Turner syndrome treatment mostly involves a specialized team that will help you to manage the symptoms of the condition in the most appropriate way. If you or your child is affected, you receive health care from pediatric endocrinologists who have specialized in childhood conditions that result from metabolism and abnormal hormones. Injecting growth hormone helps improve the short stature in girls. Growth hormone therapy should start in early childhood.
How do you receive growth hormone therapy?
Girls get growth hormone through injections several times a week. Health specialists will monitor the growth of the person with Turner syndrome closely to determine the best dosage.
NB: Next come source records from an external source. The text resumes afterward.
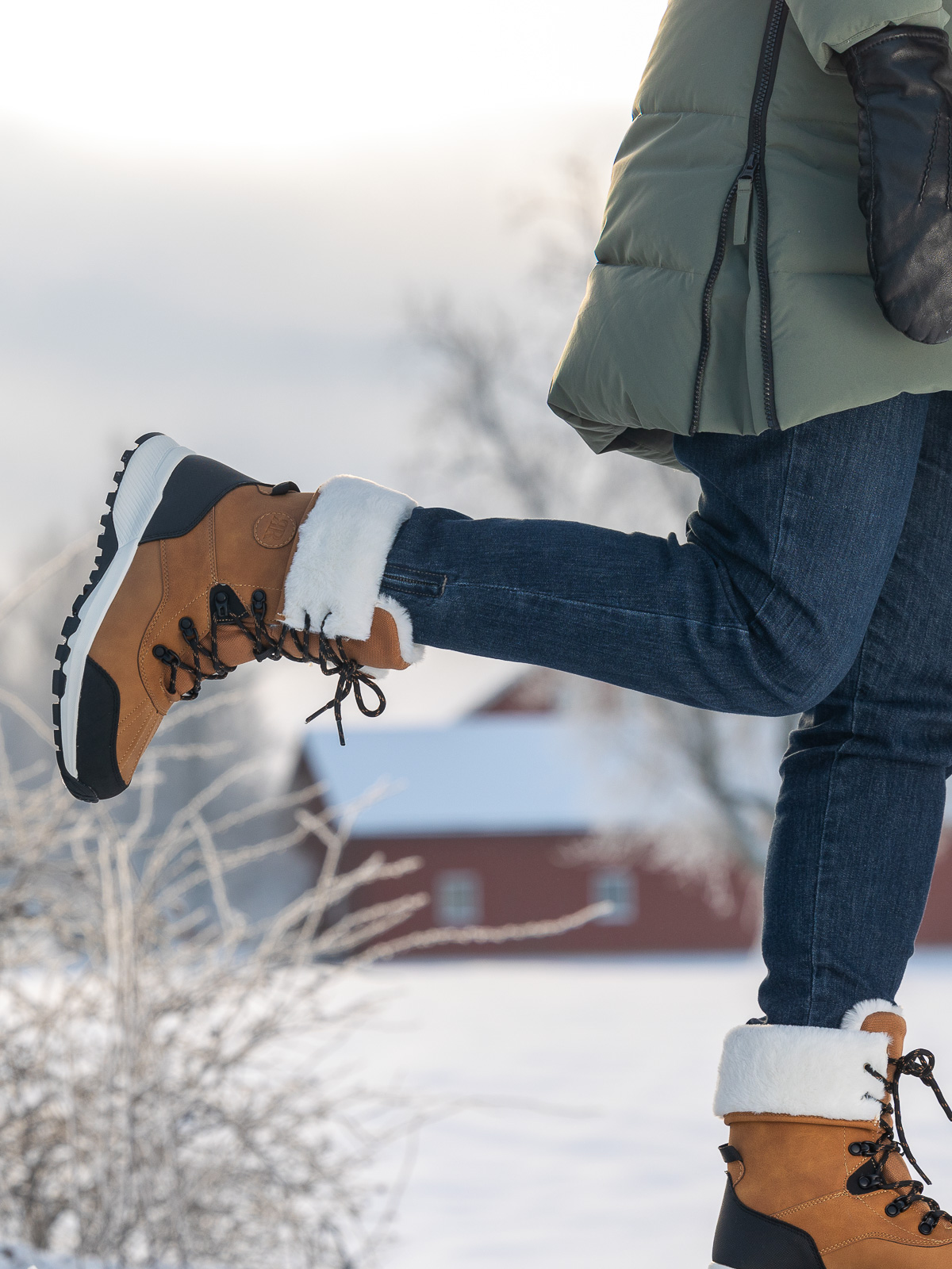 Med en kraftig yttersåle med grovt mønster får du godt grep på vinterføre, mens den lette, dempede mellomsålen sørger for komfort hele dagen – perfekt til både hverdagsbruk og aktive vinterdager.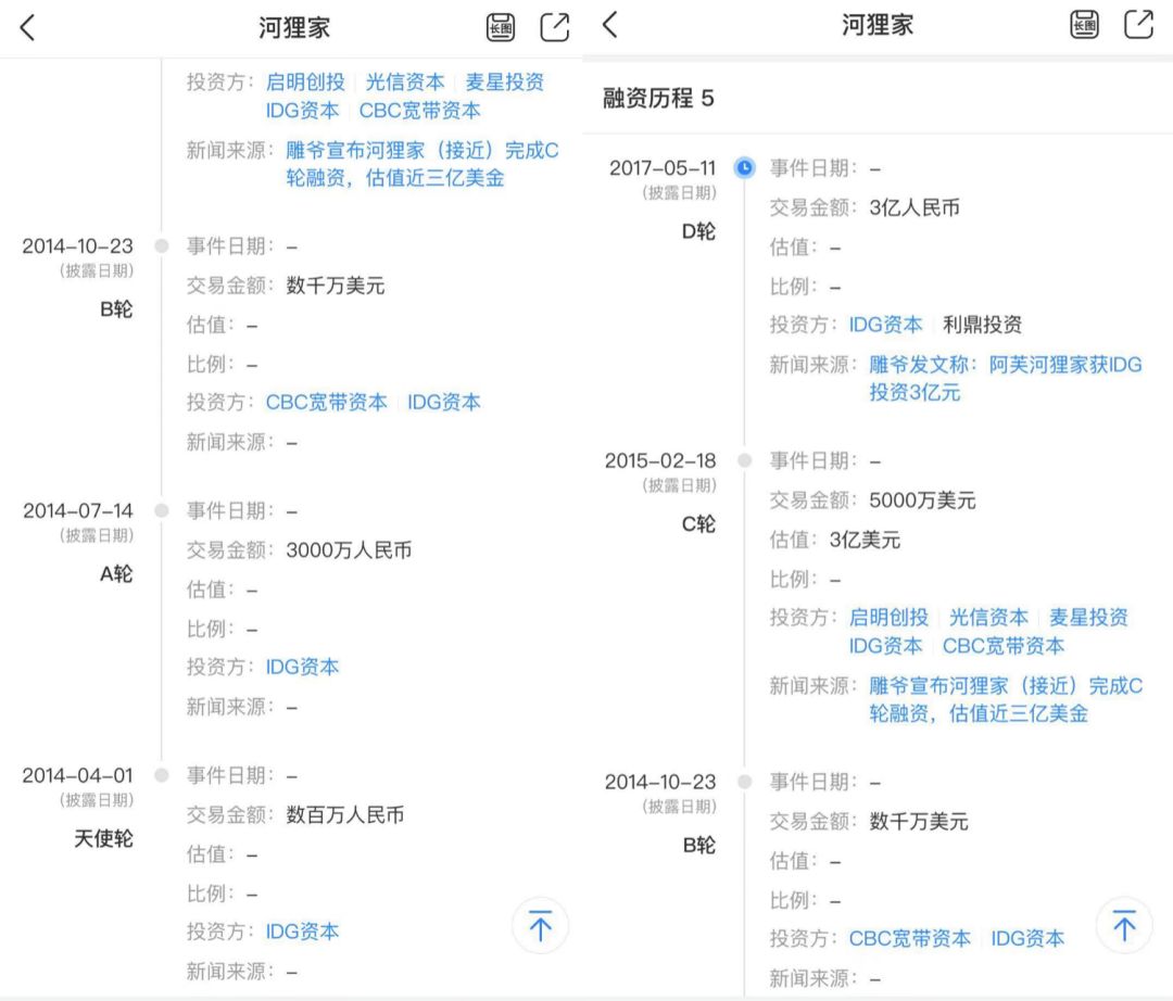 河狸家历次融资来源 / 天眼查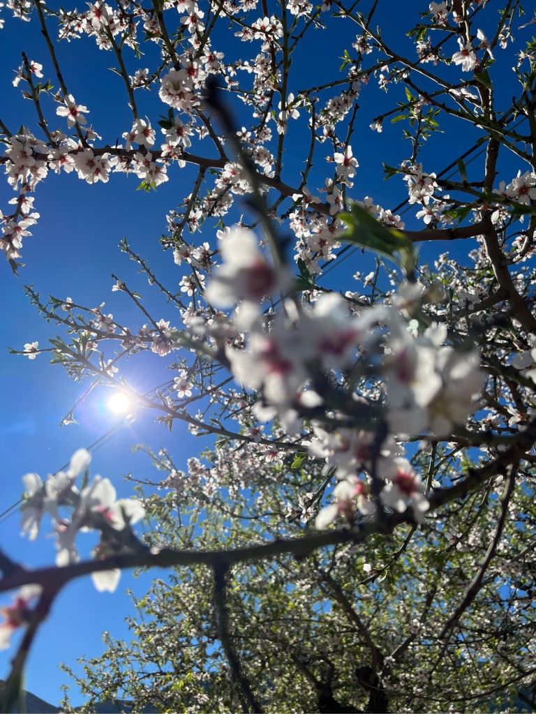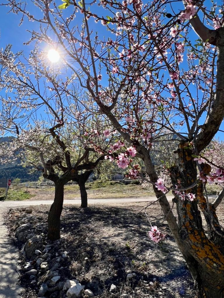 Väl uppe på Tudons kan man njuta av den fina utsikten innan en härlig utförskörning tar vid. Det här är en fin tur nedåt i dalen och om du cyklar här på våren (februari/mars) står mandelträden i full blom då du kommit ned till byn Alcoleja. Det är som en sagovärld med de rosa träden inbäddade mellan bergsknallarna.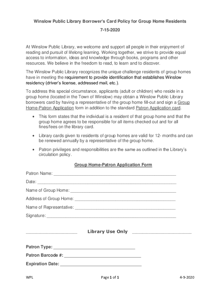 Winslow Public Library Borrowers Card Policy for Group Home Residents 7152020At Winslow Public Library, we welcome and support all people in their enjoyment of reading and pursuit of lifelong learning.

Use of human growth hormone in Turner Syndrome treatment is an effective and safe method to reverse the signs of the condition. Studies have shown that if you get growth hormone therapy, you will grow eight inches taller compared to those who do not receive growth hormone.
Estrogen replacement therapy
It helps females develop the physical characteristics of puberty including menstrual periods and breast development. The treatment will mostly start if a girl is 12-13. The specialist initiates estrogen replacement therapy to allow sexual characteristics such as breast tissue to develop. The benefits of progesterone and estrogen begin to show years later where a girl can get her periods, maintain a healthy womb, and prevent osteoporosis.
If you were not aware, the ovaries release estrogen, which is crucial for development and maintenance of bone structure and functional tissue.
Additionally, cardiac surgery might be significant if you want to correct heart defects that result from Turner syndrome.
If treatment starts early and maintained, it is possible for victims to achieve standard height. Don’t allow your child to suffer the full effects of Turner syndrome when you can mitigate it with some of the best treatments available.